Lilly spent the remainder of her evening in the study, trying to watch television, but she found she failed to follow even the dullest of plots. Finally, she dozed off on the sofa. She awoke and realized it was past mid-night, the clocks twelve somnolent rings had roused her up. She shut off the television, turned off the lights, gave up on the day and went to bed.
That night she did not sleep well. She had a sense of foreboding. What unknowingly bothered her was her knowledge of Alan’s character. Even if he was still angry he would have called. She suffered a quiet anxiety as she watched the digital numbers sequence through her clock. The seconds flicked by, minutes passed, and then hours. Suddenly it was dawn. Having at last gained sleep Lilly was tempted to put the pillow over her head and seek it again, but the radio alarm was droning on with the morning news. She sat up and turned up the volume in time to catch the weather forecast, spoken at rapid speed by the disc jockey,
“Overnight highs were higher than normal. Today will be fair and breezy as the high-pressure ridge gives way to a low. We should have dense cloud cover by late tonight, and moderate to heavy showers. As the front rolls into the mountains, we may see snow at higher elevations, perhaps as low as the four thousand foot mark. So take your umbrellas, cuz’ the sunshine’s not gonna’ last.”

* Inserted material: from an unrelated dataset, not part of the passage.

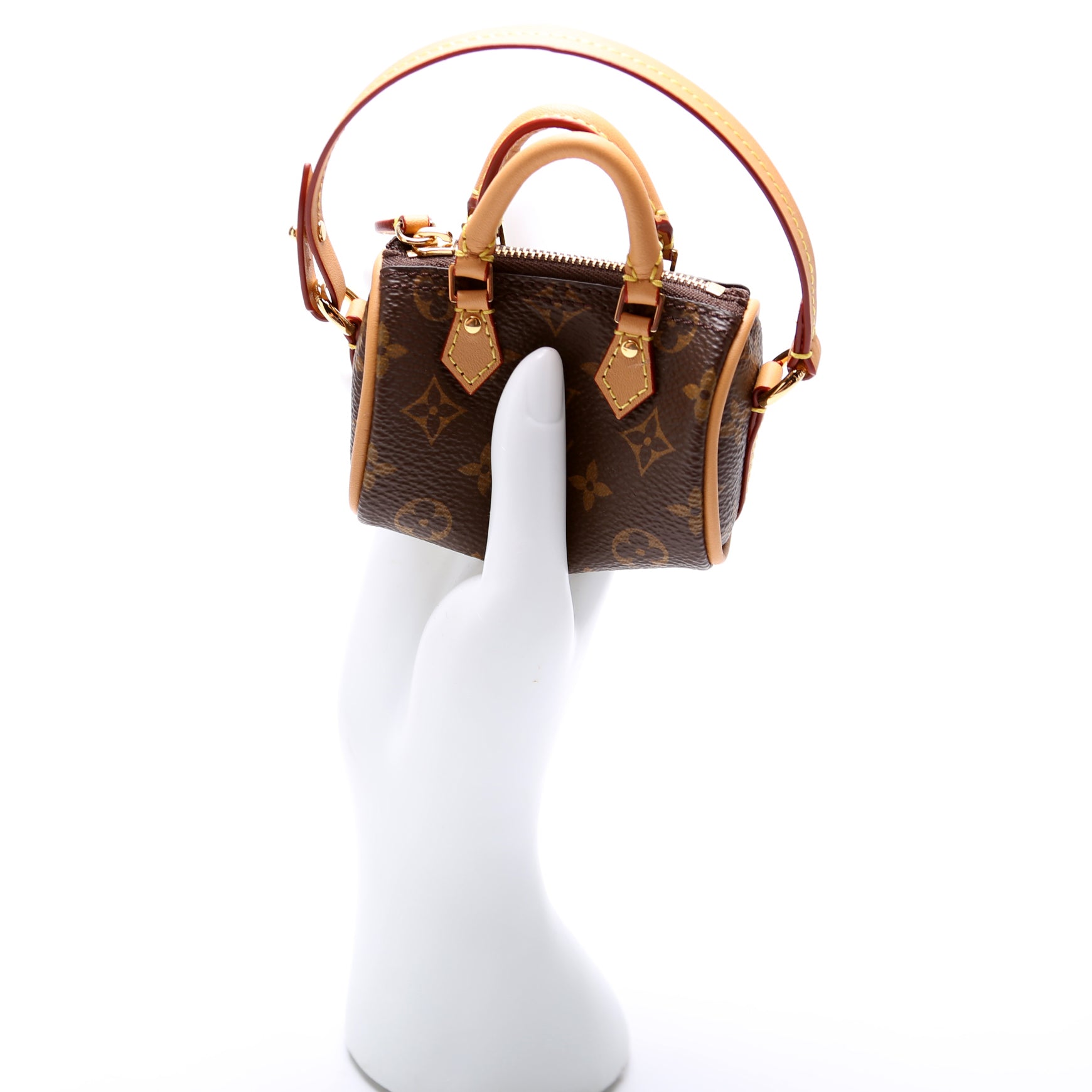 This pre-owned Louis Vuitton Micro Speedy Monogram Bag Charm is guaranteed 100% authentic. The exterior is in the classic Louis Vuitton Monogram coated canvas.

It depressed Lilly. She hated rain. If it were up to her, the world would be sunny everyday and irrigated by subterranean sprinklers. The gray made the world seem flat and devoid of interest.
She picked up the phone by the bed and tried Alan’s cell phone but she received only the message, “The number you are calling is currently out of service or out of area. Please try your call again later.” Lilly slipped out of bed, put on her robe and turned off the radio. A half hour passed as she showered, dried her hair, donned her light but effective make-up, and dressed for the day. Her dark green dress helped frame her face and accentuated her figure.